Data filtering can be done any way.  Filtering and smoothing the dataset can help parmest in converging on parameter values.

In this case, we are filtering the data such that the value is always below or above a certain threshold, and that the breakthrough concentration is generally increasing. Additionally, we ensure that no BV value is negative

In [None]:
curve = 1
curve_data = ix_data[ix_data["curve_id"] == curve].copy()

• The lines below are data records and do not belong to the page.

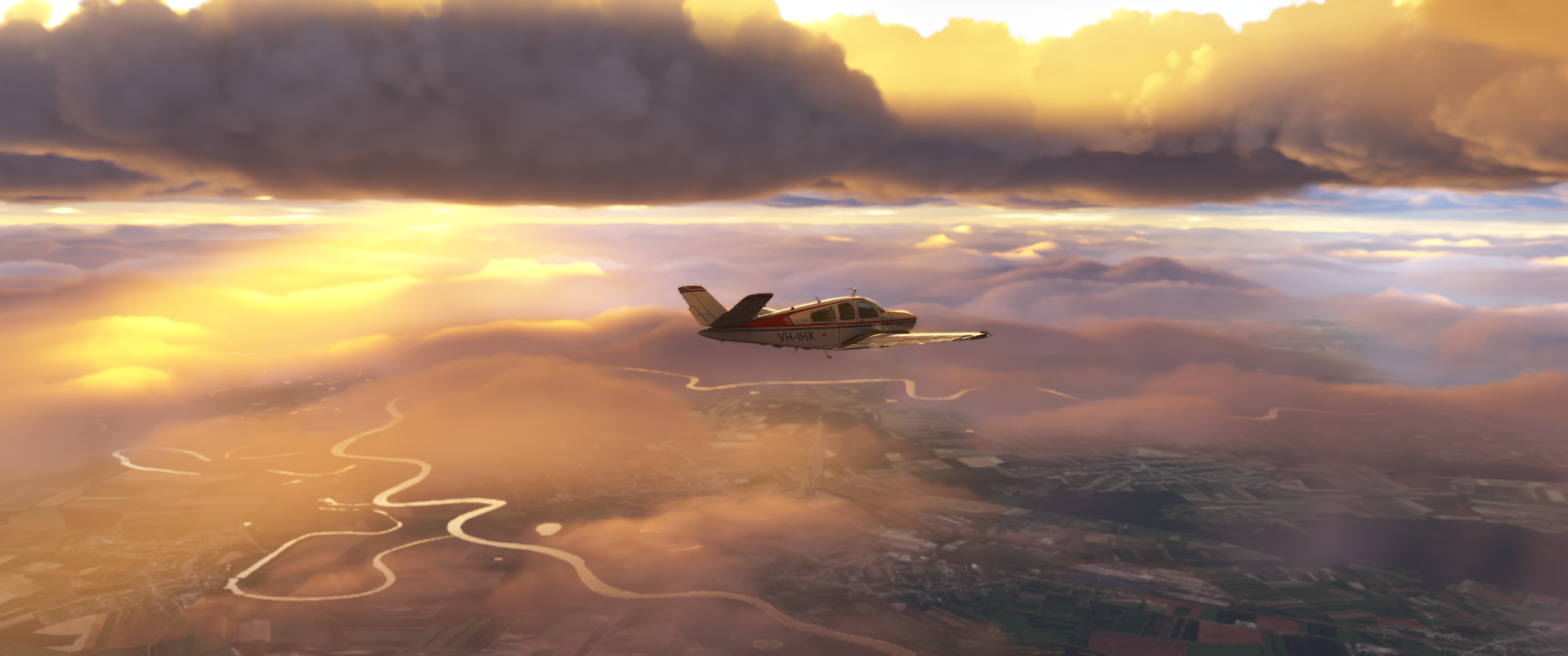Sunset descent into Prague, Czechia
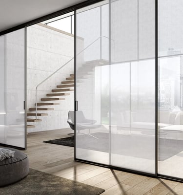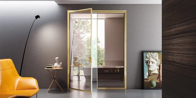 Porte in vetro con profili: estetica minimale, massima solidità
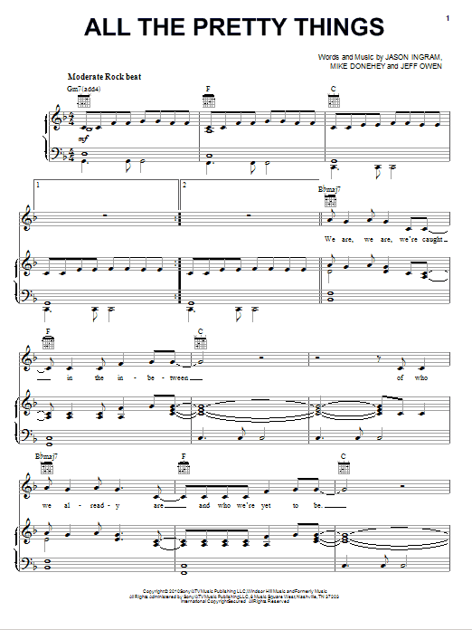 Download or print Tenth Avenue North All The Pretty Things sheet music, chords and digital score arranged for Piano, Vocal & Guitar Chords (Right-Hand Melody). This Christian score includes 9 page(s).
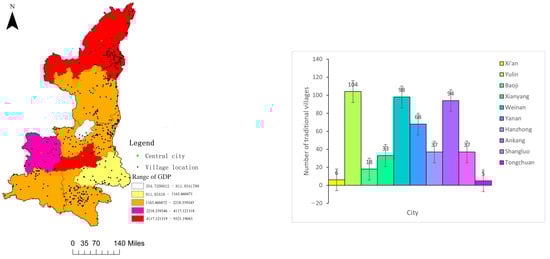According to Figure 13, regional GDP and the number of traditional villages fluctuate. About 78% of traditional villages are located in regions with GDPs below 250 billion RMB; Weinan, Yan’an, and Ankang only account for 76%, 65%, and 46% of the province’s average GDP. However, the number of traditional villages is more distributed in these regions, accounting for 19.6%, 13.6%, and 18.8%, respectively. According to this study, the majority of traditional villages in Shaanxi Province are located in relatively underdeveloped economic areas and are relatively unaffected by external economic influences. This can provide a solid foundation for the preservation and retention of the material elements, cultural customs, and lifestyles of traditional villages.
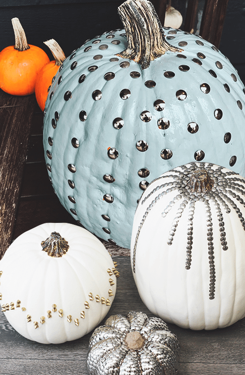 Мебельные заклепки на небольшой тыкве – необычный и интересный способ ее украшения. Их можно сочетать с нежным кружевом – такой контраст будет выглядеть свежо и креативно. Вместо клепок можно взять стразы или полубусины, чтобы сменить «брутальный» образ тыквы на более гламурный, в зависимости от твоего интерьера и пожеланий.
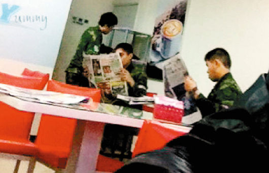 媒體報道,民眾提供照片并指出,臺軍參演部隊中,有穿著野戰(zhàn)迷彩服、戴著演習藍色臂章的官兵,于“漢光演習”期間在早餐店悠閑看報吃早餐。
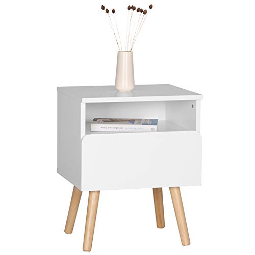 WOLTU - وولتو® طاولة بجانب السرير TSR58ws مع درج وحجرة مفتوحة بارجل خشبية ابيض 40 × 33.5 50 سم العرض العمق الارتفاع خشب مركب
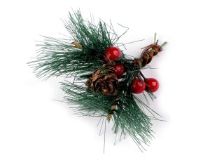 Umelá mini vetvička s bobuľami a šiškami oživí jesenný a zimný aranžmán.
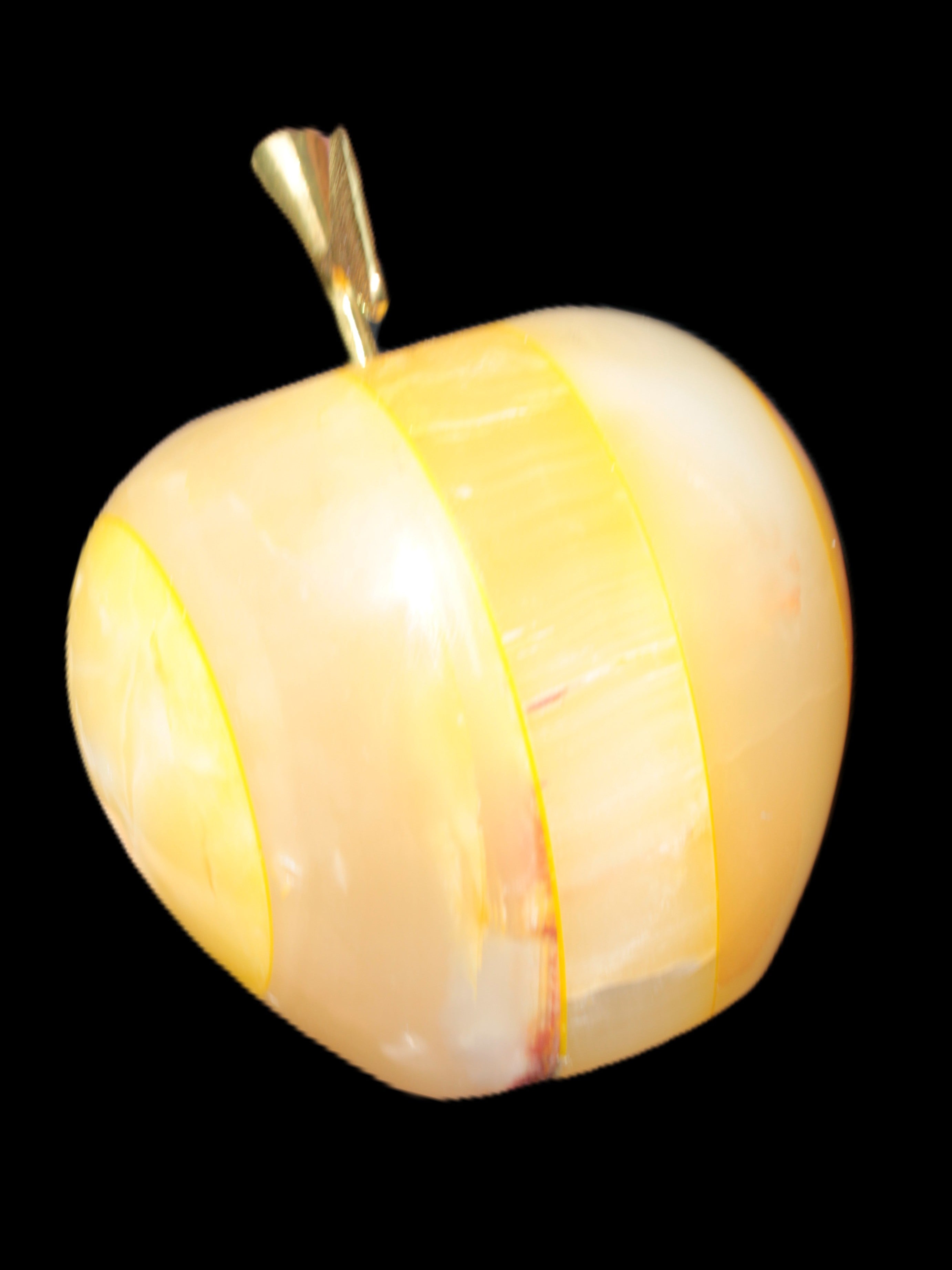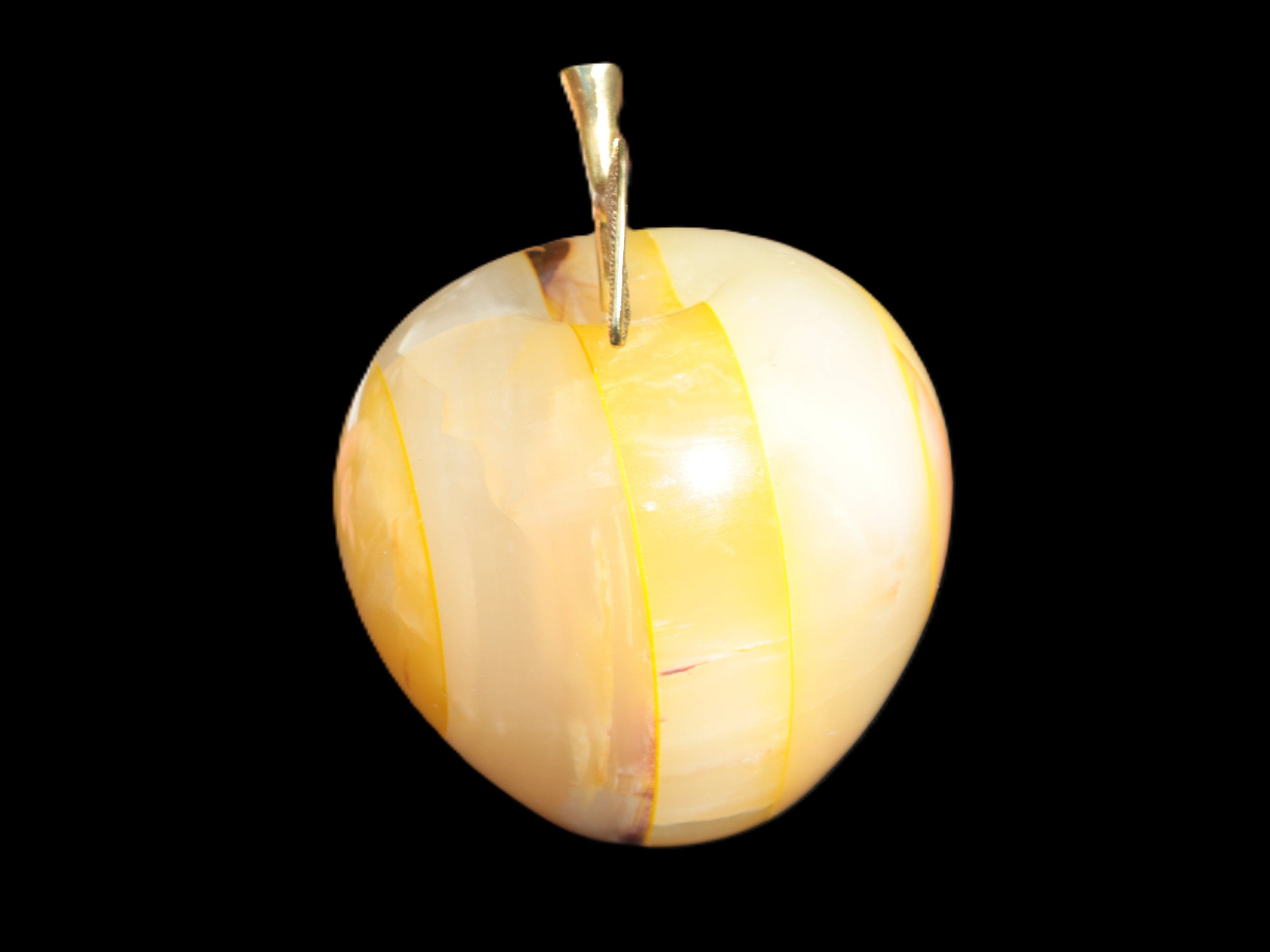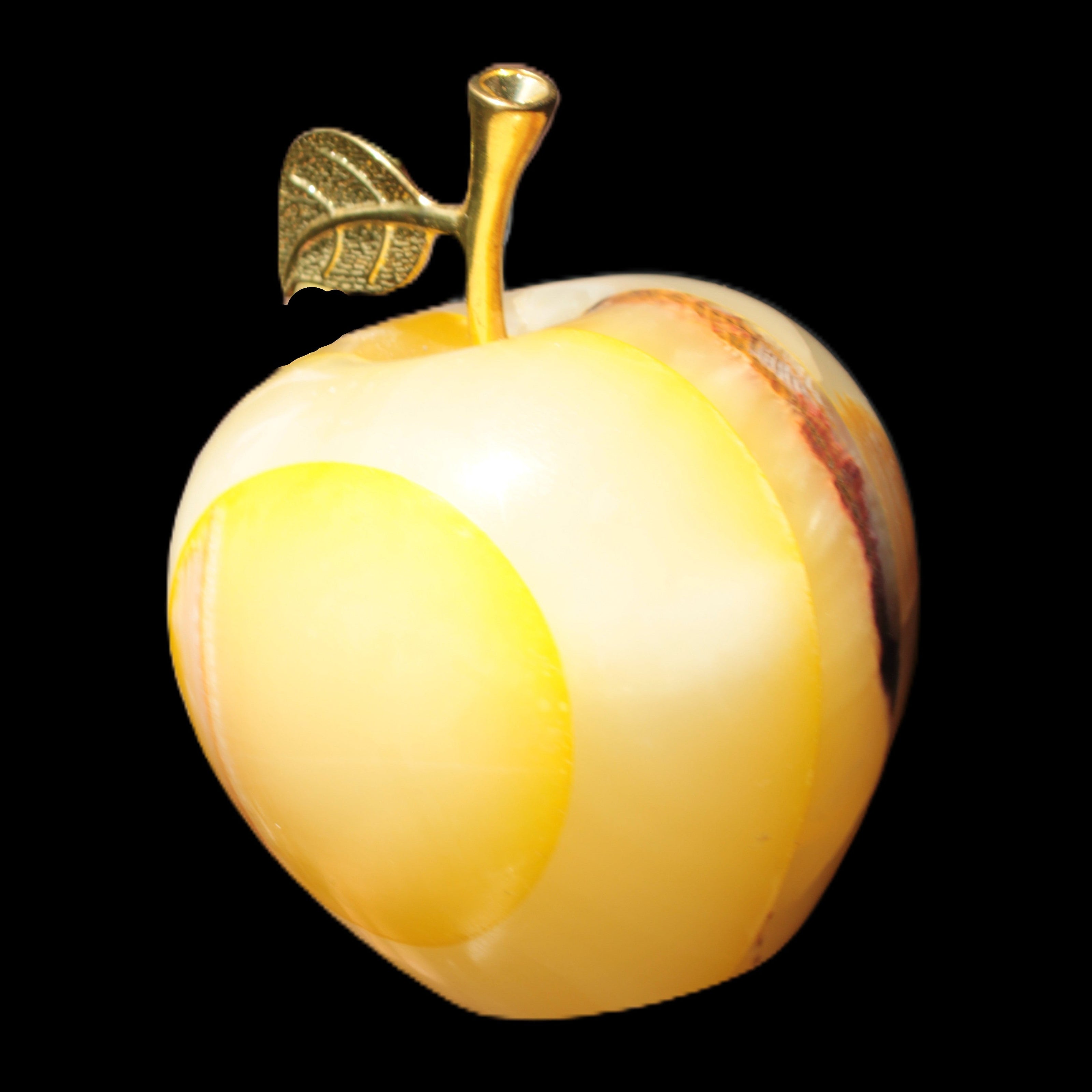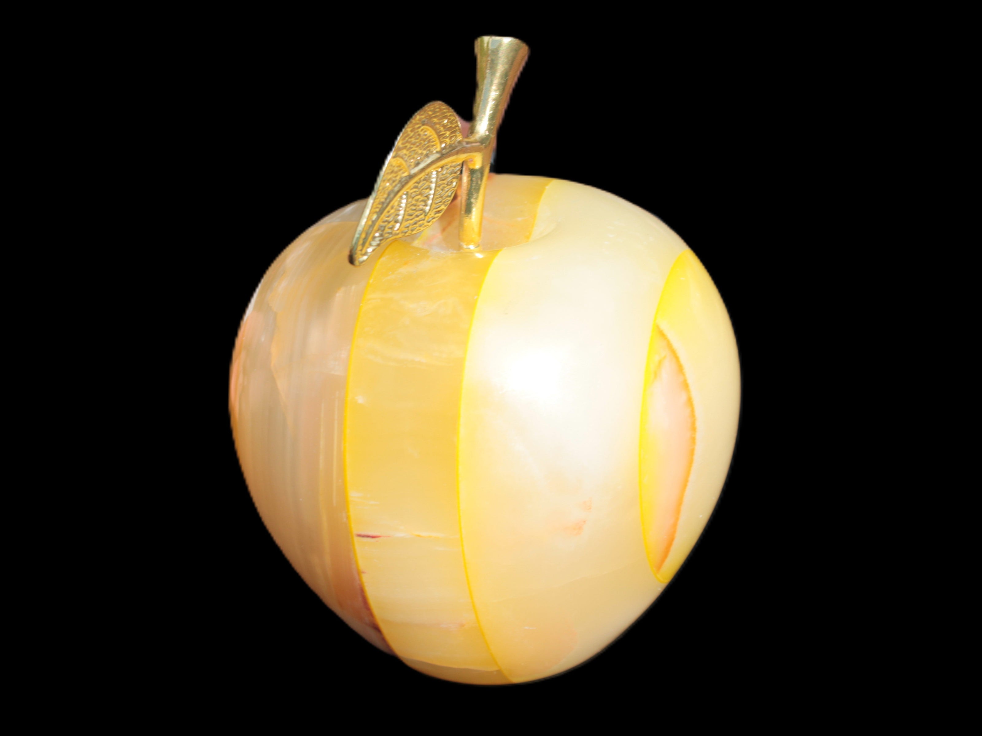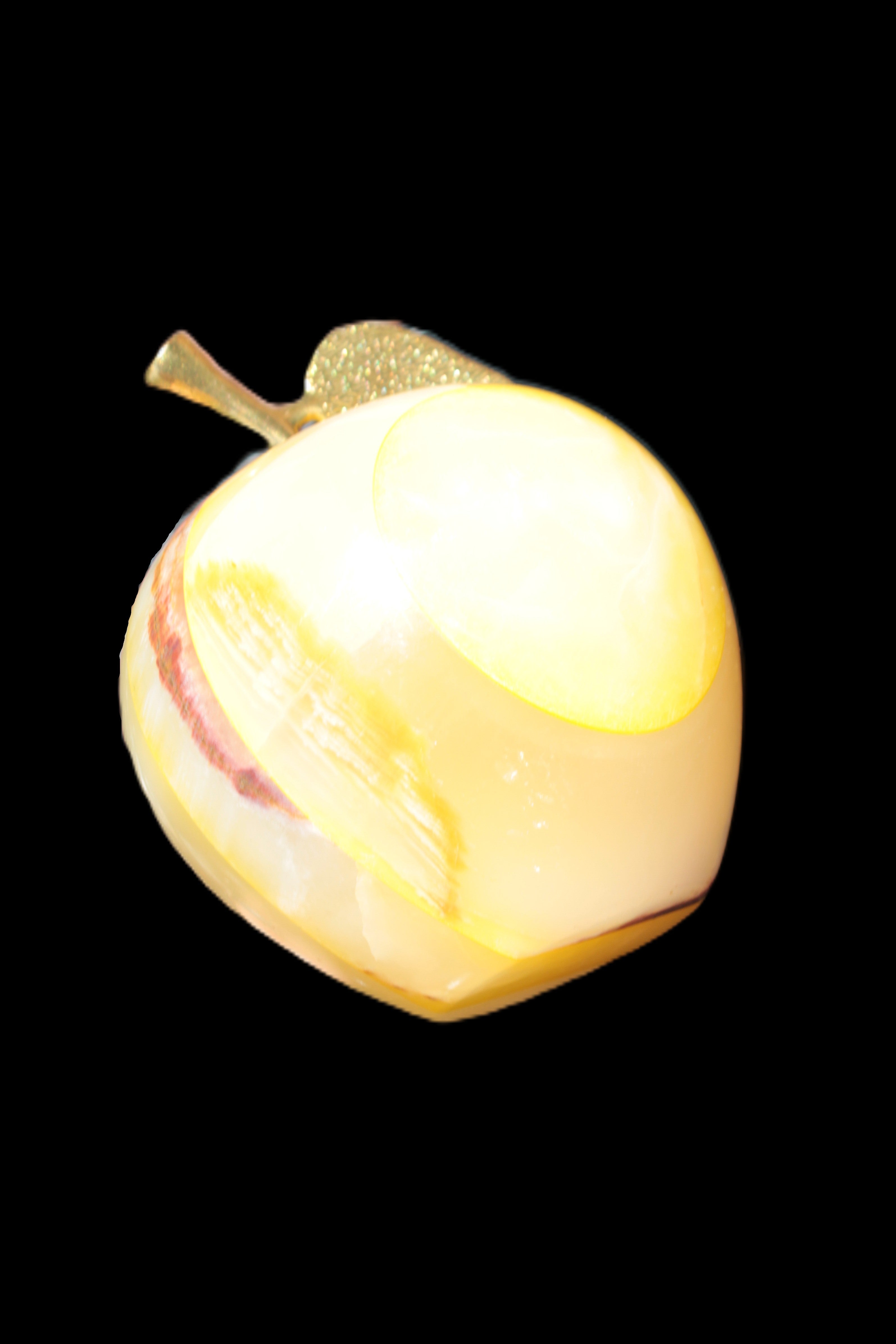This Yellow Afghan Jade Onyx hand-carved Apple 70*90mm weighs 570g. It has been sculpted from the translucent Serpentine stone found in Pakistan. This stone is often referred to as Onyx, even though it is not agate. Our partner in Karachi used glued and dyed slices of this stone to carefully style this beautiful stone apple.
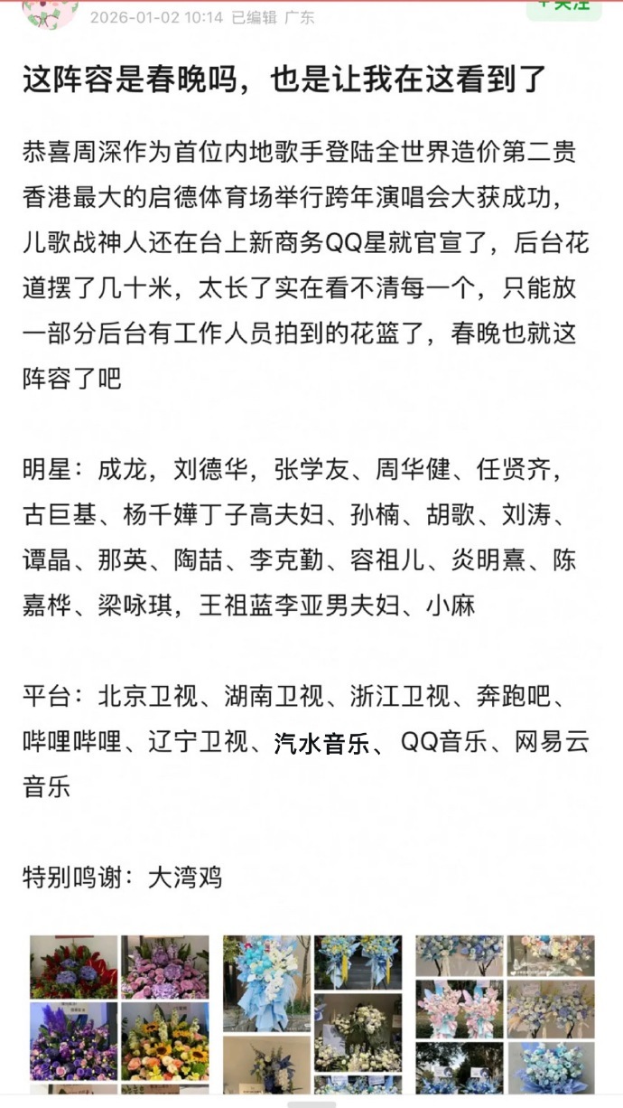 周深香港启德演唱会,两场十万人的奔赴,单场五万人的同频共振,线上更有全球127国560万网友云端跨年,一举刷新华语演唱会直播纪录。启德零售馆透露,除夕当天客流量突破12万人次,人气爆棚可见一斑!成龙、刘德华等乐坛前辈助阵,高朋满座,热度直接断层领跑! 周深启德高朋满座
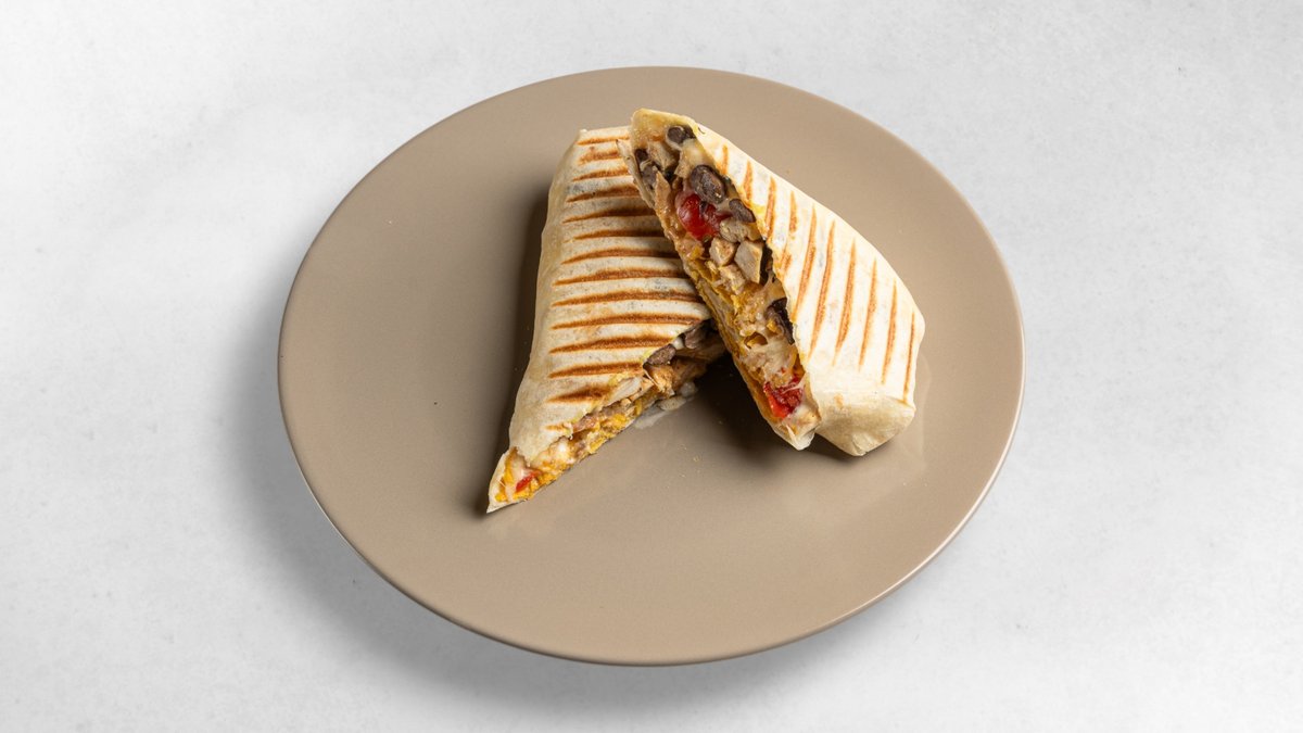 Gegrillte Weizentortilla mit saftig gegrillter, fajita-marinierter Hähnchenbrust, Chipotle-Salsa und Cheddar-Käse-Mix

# Results of filtering IX data
ix_data_filtered = filter_data(curve_data)
fig, ax = plot_curve(ix_data_filtered, x="all_bvs", y="all_cnorms", yleg="All data")
ax.set_title("Filtered IX Data Example")

# Results of filtering GAC data
curve_data = gac_data[gac_data["curve_id"] == curve].copy()
gac_data_filtered = filter_data(curve_data)
fig, ax = plot_curve(gac_data_filtered, x="all_bvs", y="all_cnorms", yleg="All data")
ax.set_title("Filtered GAC Data Example")

# Model Build

A model build function must be developed in order to build the list of `Experiment` that are passed to the `Estimator` object. At a minimum, the build function must return the model. In addition, the build function *should* also:

1. Scale the model
2. Initialize the model
3. Solve the model

It is important that the model that is returned is stable because this it the model that will be used by parmest to do the parameter estimation routine. It is recommended that you test the stability of the model over a range of potential input conditions.

In [None]:
curve = 1
curve_data = ix_data[ix_data["curve_id"] == curve].copy()
species, resin = curve_data.species.iloc[0], curve_data.resin.iloc[0]

initial_guess = {
    "fs.unit.bv_50": 120000,
    "fs.unit.mass_transfer_coeff": 0.2,
    "fs.unit.freundlich_n": 2.0,
}

m = build_ix_ocwd_pilot(species=species, resin=resin, theta_dict=initial_guess)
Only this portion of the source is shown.